__Exercise__.
A verbatim transcription of the listing below is required, without its pictures.

== Supplied data ==

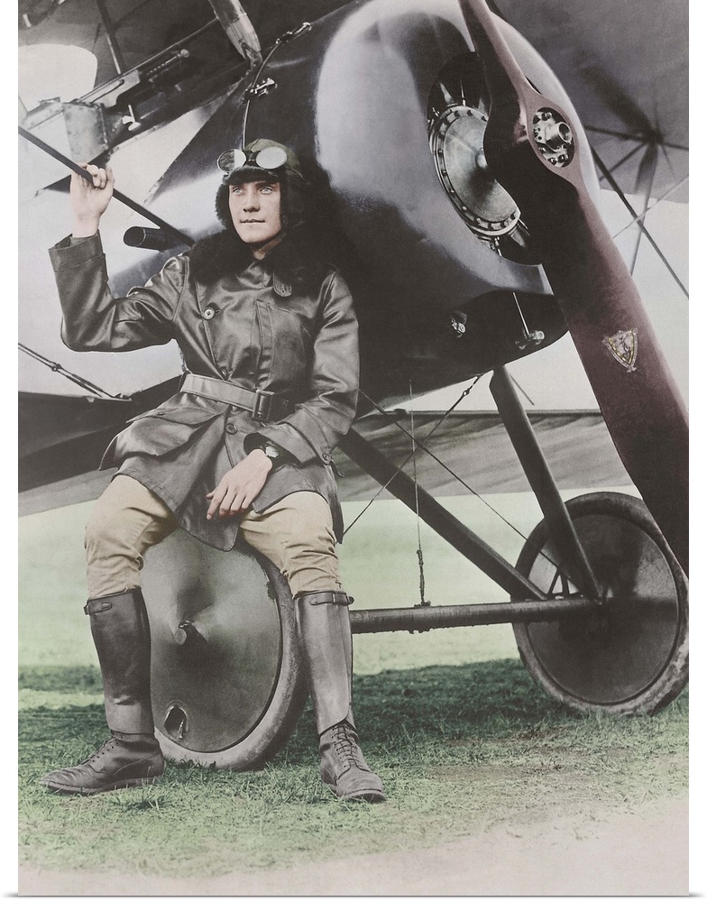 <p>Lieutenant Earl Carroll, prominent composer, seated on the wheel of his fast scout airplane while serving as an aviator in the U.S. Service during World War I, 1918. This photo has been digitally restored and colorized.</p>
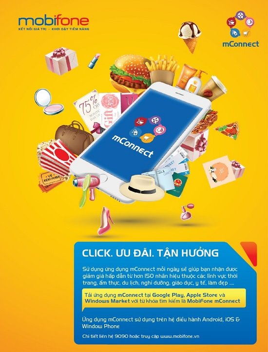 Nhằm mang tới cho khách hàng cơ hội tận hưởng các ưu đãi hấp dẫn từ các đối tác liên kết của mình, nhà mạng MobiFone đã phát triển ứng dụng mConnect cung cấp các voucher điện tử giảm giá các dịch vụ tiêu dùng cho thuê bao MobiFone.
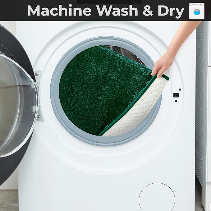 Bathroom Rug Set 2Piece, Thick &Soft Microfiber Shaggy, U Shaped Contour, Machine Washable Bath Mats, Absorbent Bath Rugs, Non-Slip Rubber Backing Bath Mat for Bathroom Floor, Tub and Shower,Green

===

__Exercise result__.
 <p>Lieutenant Earl Carroll, prominent composer, seated on the wheel of his fast scout airplane while serving as an aviator in the U.S. Service during World War I, 1918. This photo has been digitally restored and colorized.</p>
 Nhằm mang tới cho khách hàng cơ hội tận hưởng các ưu đãi hấp dẫn từ các đối tác liên kết của mình, nhà mạng MobiFone đã phát triển ứng dụng mConnect cung cấp các voucher điện tử giảm giá các dịch vụ tiêu dùng cho thuê bao MobiFone.
 Bathroom Rug Set 2Piece, Thick &Soft Microfiber Shaggy, U Shaped Contour, Machine Washable Bath Mats, Absorbent Bath Rugs, Non-Slip Rubber Backing Bath Mat for Bathroom Floor, Tub and Shower,Green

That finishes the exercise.